Each group was asked to predict what they’d have to graph in order to get a linearized graph, and calculate an expected value for the slope based on parameters like mass and spring constant. THEN they collected the data and compared their actual slope to the predicted slope.
This group did a similar launching experiment, but used a push-pull spring scale to launch the cart. They got a slope that was lower then their predicted value, and interpreted it to mean that a significant amount of energy was dissipated within the spring scale when it popped forward.
Since we’ve already defined work, we can use this as another quantifiable relationship.
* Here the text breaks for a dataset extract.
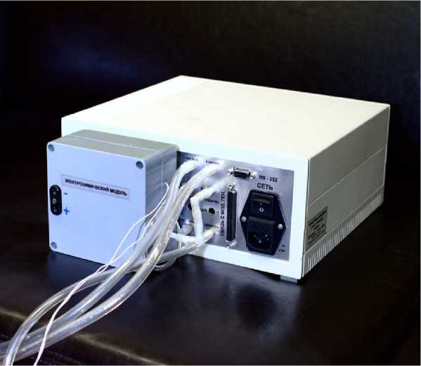 б) блок управления и пневматики с электрохимическим модулем, вид сзади

This group looked at the effect of stretching distance on sliding distance. (This is precisely the same experiment done with my ninth graders, but the AP students calculate both a predicted and experimental value for the linearized slope.) They attached some mass to the dry erase marker to increase the sliding friction to a large enough value that they could measure it.
This was a little crazy, and we could have used a little more lead time preparing, since they didn’t have much experience with linearizing, but it ended up being pretty awesome!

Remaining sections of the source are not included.